1.03.2006

2005: The aspens will already be turning. They turn in clusters, because their roots connect them.


I saw 41 theatrically released movies in 2005 (not all of them in the theater, my budget-watching friend). Here is the crème de la crème of individual performances. Full movie list tomorrow.

Best Performance:

1. Heath Ledger (Brokeback Mountain)
Ledger delivers on the promise and gives the swooning, hunky performance his clusters of female fans have been pining for. Wait, what’s that? Oh …
2. Joseph Gordon-Levitt (Mysterious Skin)
Who knew the kid from 3rd Rock would make such a convincing street hustler? Director Gregg Araki, apparently.
3. Steve Carell (The 40-Year-Old Virgin)
Fresh off his loony performance comes another hilarious role, both warm and masochistic.
4. Philip Seymour Hoffman (Capote)
Classic Oscar-bait – he cries! he lisps! he’s gay! – but in the best way. (And now that PSH has played Lester Bangs and Truman Capote, which legendary 20th century writer should he play next? My vote's for Gabriel Garcia Lorca. [Bonus: Did anyone else notice that this is the second movie where Chris Cooper played a character interviewed by a New Yorker writer? Two hugs to whomever can name the other.])
5. Reese Witherspoon (Walk the Line)
In a year of weak female lead performances (and with apologies to Felicity Huffman), Witherspoon’s June Carter breathed life into the stuffy biopic genre.
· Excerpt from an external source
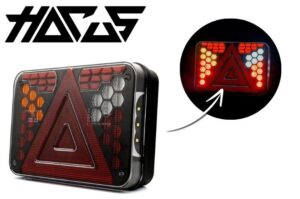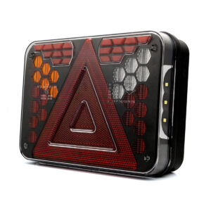 HORUS LZD 3215 to nowoczesna tylna lampa zespolona przeznaczona do przyczep samochodowych, rolniczych oraz specjalistycznych, zaprojektowana w kompaktowych gabarytach i z myślą o maksymalnej trwałości. Konstrukcja lampy opiera się na pojedynczych, precyzyjnie uformowanych modułach geometrycznych, które tworzą spójną i efektowną kompozycję świetlną na tle głębokiej czerni korpusu. Całość zabezpieczono wytrzymałym, przezroczystym kloszem z poliwęglanu, odpornego na uszkodzenia mechaniczne oraz pracę w trudnym środowisku.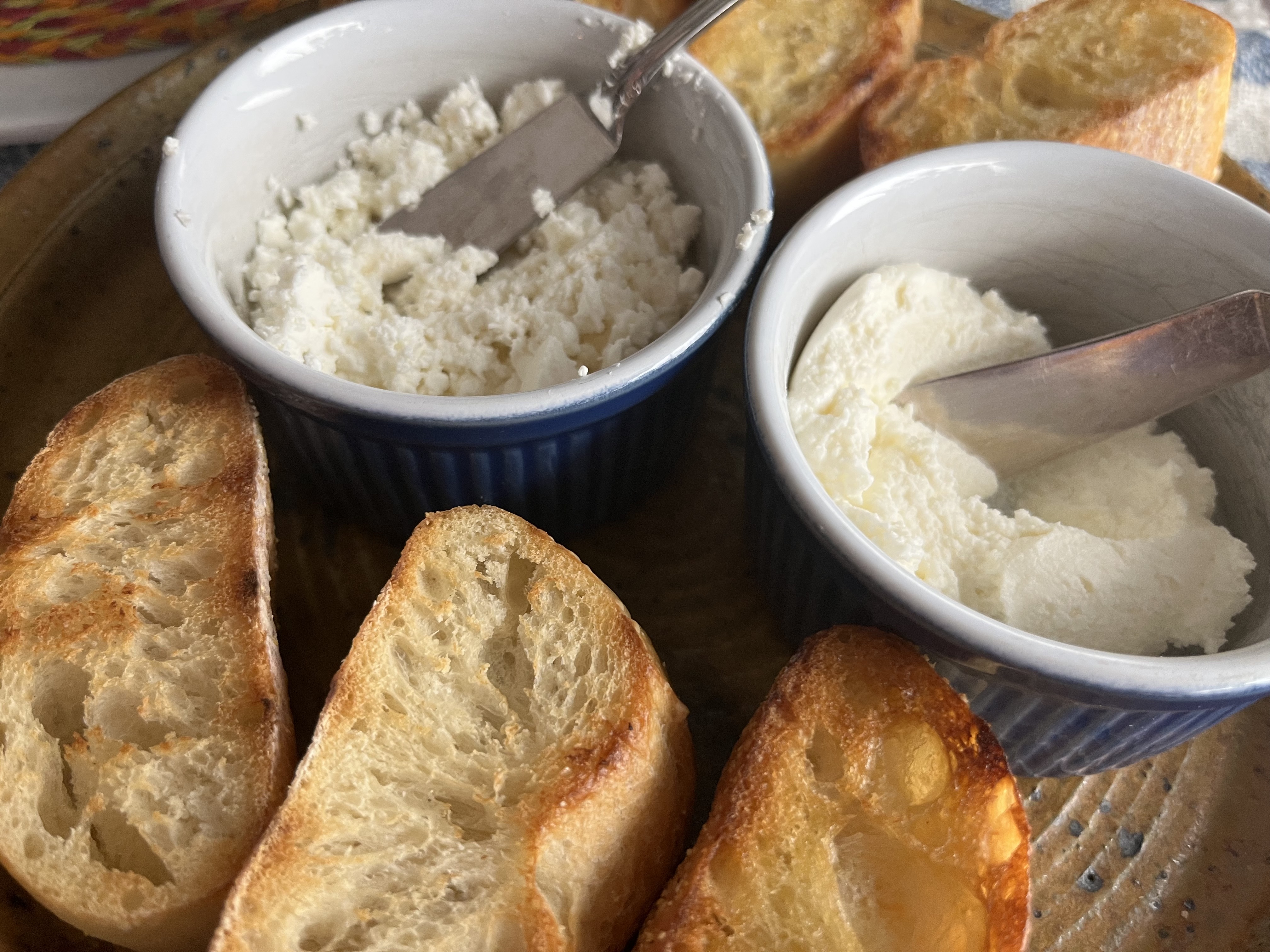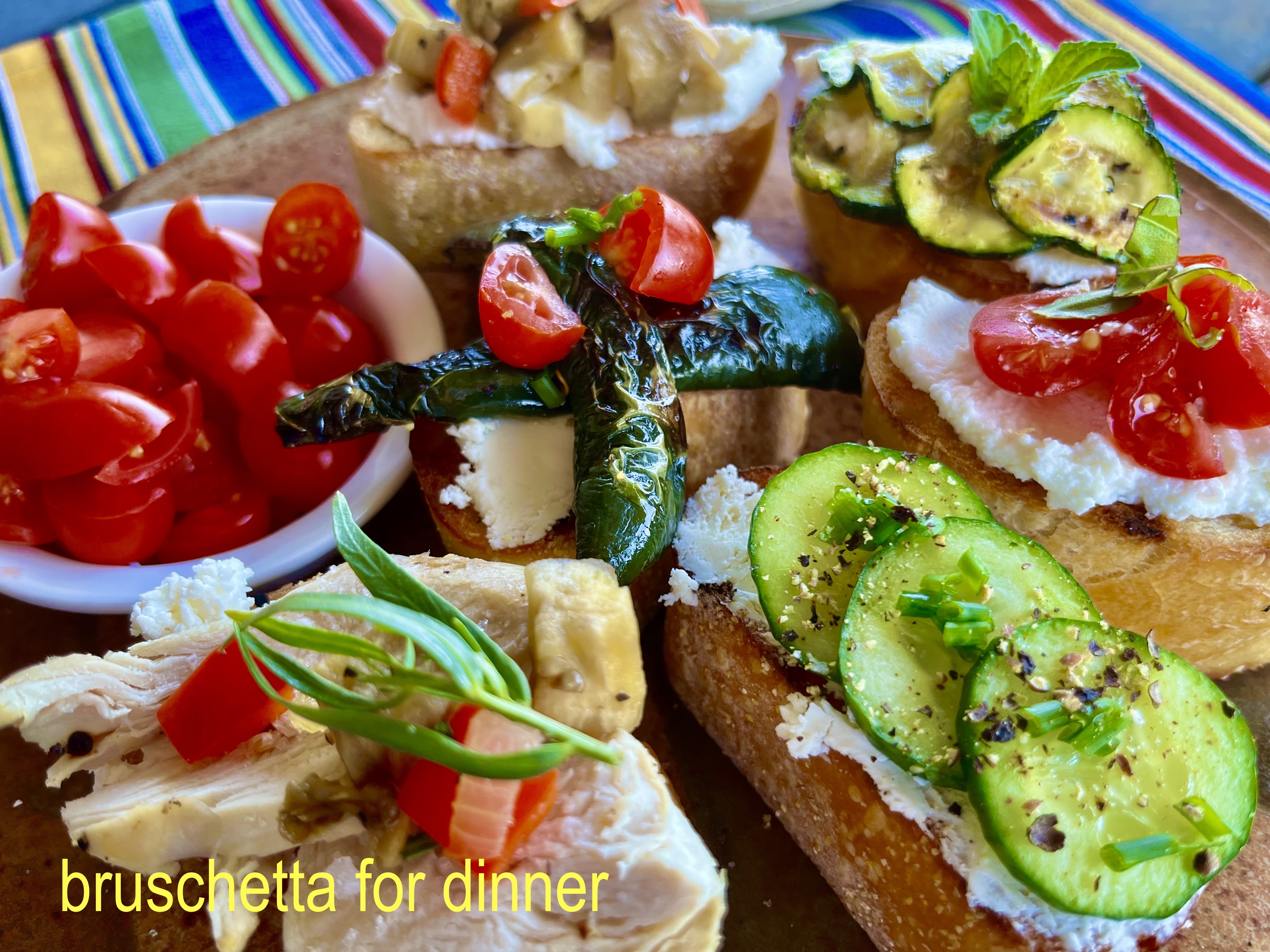 -A choice of spreadable cheeses (ricotta, goat, etc.) or other soft cheeses such as fresh mozzarella or feta. A tablespoon or two — or a small slice — for each bruschetta is plenty. Go out on a limb and add my Green Chile-Pimento Cheese or Salmon Cheese Spread. Hummus or other bean spreads are other yummy bases for your toppings and will be perfect for your vegan guests or anyone avoiding dairy.

Best Supporting Performance:

1. Maria Bello (A History of Violence)
One of the best one-scene transformations since Naomi Watts’ audition in Mulholland Drive.
2. Jeff Daniels (The Squid and the Whale)
Great in the role of me at 50.
3. Rachel Weisz (The Constant Gardener)
A real scene-stealer in a movie about how her husband just won’t stop gardening.
4. Levon Helm (The Three Burials of Melquiades Estrada)
Without revealing too much, the scene where Helm – playing a blind old man who listens to Mexican radio despite knowing no Spanish – begs Tommy Lee Jones to do him a favor is heartbreaking. Bonus: A pretty mean drummer.
5. Peter Sarsgaard (Jarhead)
In a mess of a movie, he gives the one performance that makes a beeline to the movie’s point: War’s unique hell of waiting.
6. Jake Gyllenhaal’s mustache (Brokeback Mountain)
Self-explanatory.

Best Cinematography:


1. 2046

Wong Kar-Wai is a god among visual stylists.
2. Good Night, and Good Luck.
Robert Elswit’s smoky black-and-white brilliantly underscore a movie about the difficulty of choosing right over wrong.
3. The Three Burials of Melquiades Estrada
You have to be doing something right to make me thirsty for a damned Tecate.
4. The New World
One shot as an example: You see the tops of trees, a forest. It is perfectly still. Until there is a ripple – it’s actually a reflection in the water. Amazing.
5. The Constant Gardener
The whole overexposed, white-out look is in danger of becoming a cliché. But this movie did it right.

2 Comments:

At 11:58 PM , Anne said...

Adaptation?

 
At 2:57 PM , RICK said...

Jeff Daniels in "Squid..." is you at 50. That me me laugh out loud. Seriously.